“In the 1960s I started going to antique shows and was overwhelmed by the beauty of these tiles,” she says. “Some were from the Aesthetic Movement and others were art deco or art nouveau.” She was partial to the latter.
Stacy, now retired after serving under the leadership of five directors as librarian at the Virginia Museum of Fine Arts, familiarized herself with art nouveau as it gained attention in the 1960s. “I kind of arrived at my appreciation of the style by myself,” she says. But then, in the mid-1970s, Richmond connoisseurs Sydney and Frances Lewis loaned their considerable art nouveau collection for a special exhibition at the museum. “The Lewises really pumped me up,” Stacy says.
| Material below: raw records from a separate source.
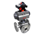 气动三通球阀分L型和T型,介质流通方向见下图。L型气动三通球阀适用于介质流向的切换,能使相互垂直的两个通道连通:T型气动三通球阀适用于介质的分流、合流或流向 切换,T型孔道可以使三个通道互相连通或使其中两个通道连通,气动三通球阀一般采用两个阀座结构,亦可根据用户要求采用四阀座结构。
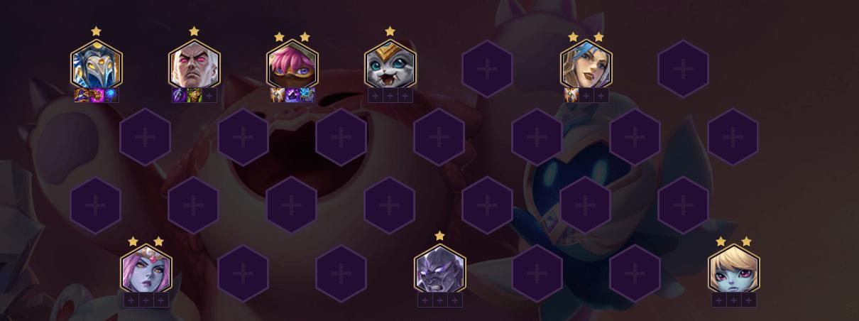 〖Two〗、在游戏初期,优先抢夺反曲弓,以便后续转职花仙子。 利用3次元2换形3魔战2堡垒的羁绊进行过渡。 在42回合积极拉取8人口,寻找2星滑板鞋和2星洛。 后期升9人口,补齐羁绊,完善阵容。
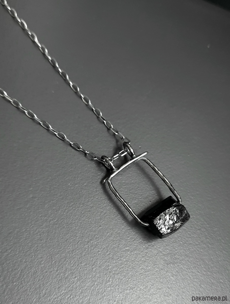 Naszyjnik jest surowy, prosty, czarujący. Sercem jest czarny turmalin - silny kamień ochronny. Blokuje on złe energie, uroki, zaprowadza harmonię wewnętrzną, intensywnie wpływa na kreatywność.

“I like the use of line and the flat use of color,” she says. “Many of the forms are naturalistic; they recall the forms of nature. But there is a flamboyance that classical design doesn’t have.”
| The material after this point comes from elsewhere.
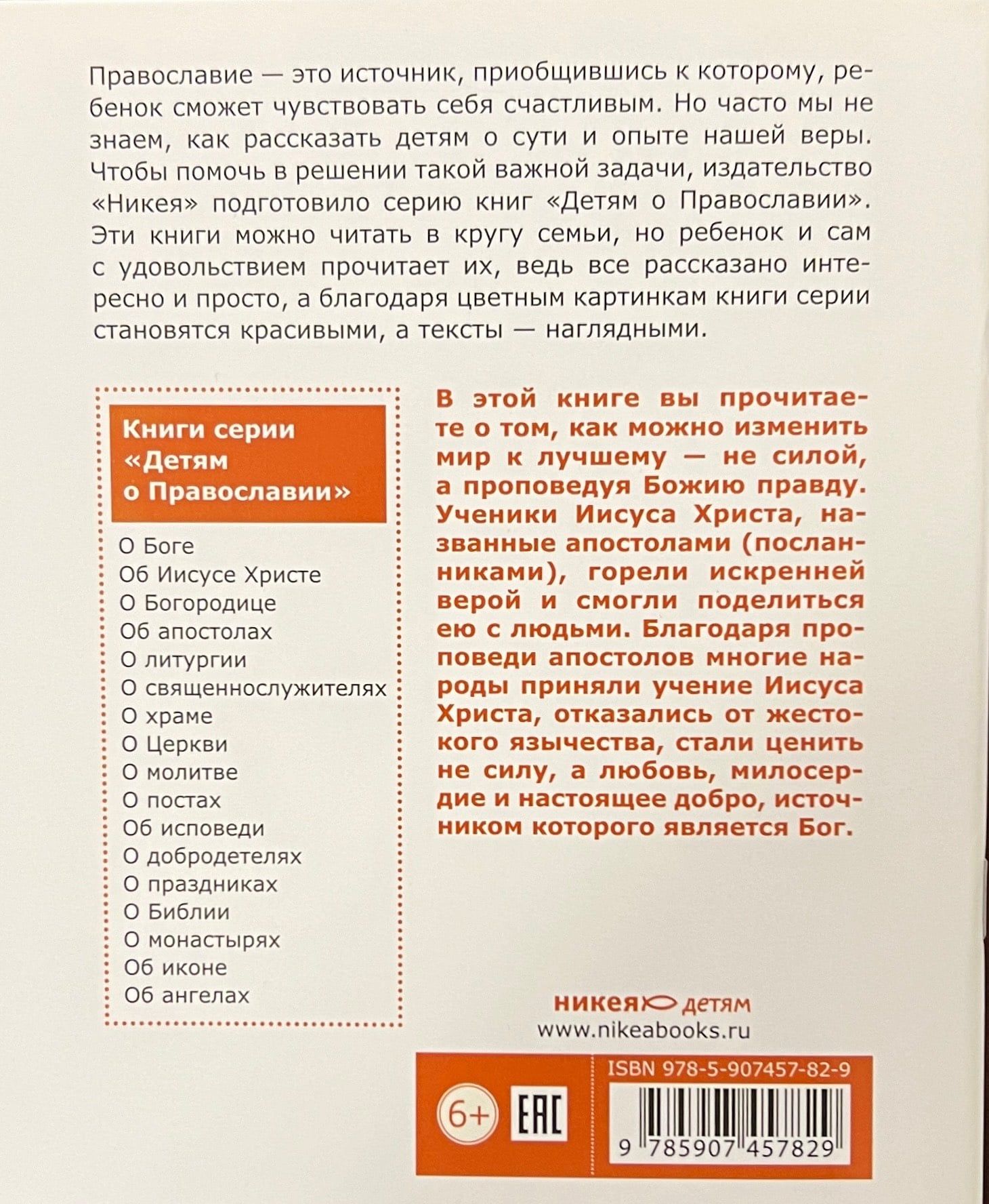 В книге рассказывается об учениках Иисуса Христа, названных апостолами. Благодаря их проповеди многие народы приняли учение Спасителя, отказались от язычества, стали ценить не силу, а любовь, милосердие и добро, источником которого является Бог.

When Stacy began collecting tiles, they were affordable and available. The least she ever paid was $10 and she wouldn’t go over $25. “Even Barbra Streisand [famous for her collecting] says that you should never pay more for something than you could sell it for.”
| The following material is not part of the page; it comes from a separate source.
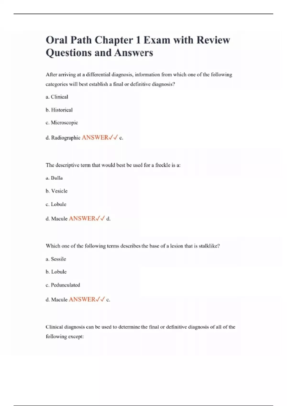 Oral Path Chapter 1 Exam with Review Questions and Answers After arriving at a differential diagnosis, information from which one of the following categories will best establish a final or definitive diagnosis? a. Clinical b. Historical c. Microscopic d. Radiographic ANSWER c. The descriptive term that would best be used for a freckle is a: a. Bulla b. Vesicle c. Lobule d. Macule ANSWER d. Which one of the following terms describes the base of a lesion that is stalklike? a. Sessile b. Lobule c. Pedunculated d. Macule ANSWER c. Clinical diagnosis can be used to determine the final or definitive diagnosis of all of the following except:
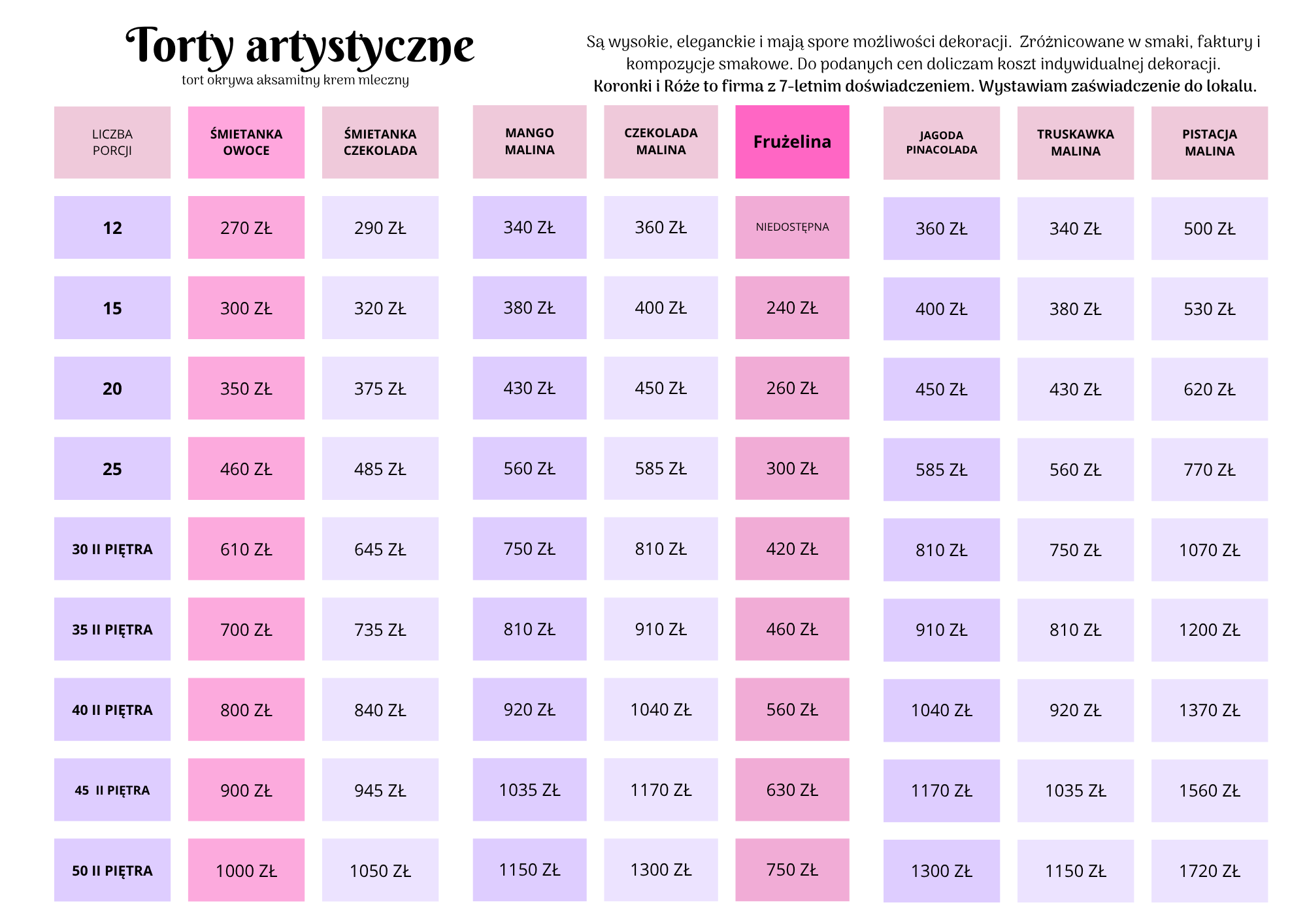 Witaj! Nazywam się Dorota Koronka - Różewska i od 2019 roku prowadzę przydomową pracownię cukierniczą. Tworzę jakościowe ciasta, artystyczne torty oraz mini słodkości z dobrych składników Smak i wygląd wypieku moim motto przewodnim.

Now, Stacy marvels that dealers ask much more per tile.
“Two things happened,” she says. “There has been an awakening of design as art — not just in tiles but in other things as well. And when the newly wealthy dot-com people began buying things, that blew prices out of the water.”
Initially, Stacy was reluctant about collecting as a pastime. “My mother thought the idea of collecting things was a spend-thrift hobby,” she says. But when Stacy discovered that her mother quietly collected butter dishes, she was freed from filial guilt.
Although prices are inching upward, Stacy says she loves the thrill of the find at antique shows and has not succumbed to buying antiques on the Internet. “I like seeing the dealers and talking about the pieces,” she says. “You might as well be buying a piece of machinery over e-Bay. There is no mystique, no personal interaction. You can’t handle the piece or bargain to perhaps get a better price.”
With 85 tiles, Stacy says her collecting has slowed. “I can’t find things that are that much different from what I already have.”
She now gives considerable attention to her displays. Some tile collectors frame the objects and others install them in bathrooms and kitchens. Stacy simply sets her pieces tabletop alongside other objects or places them on a high, shallow shelf she installed along four walls in her dining room. Where others might have put a decorative wallpaper frieze, there are now glazed textures, bold and somber colors and dynamic patterns. “That room was a stepchild so I thought, why can’t I put them in there?”
Stacy glances up admiringly at her tiles and then pauses, saying, “I suppose if there is ever an earthquake they might all come down.”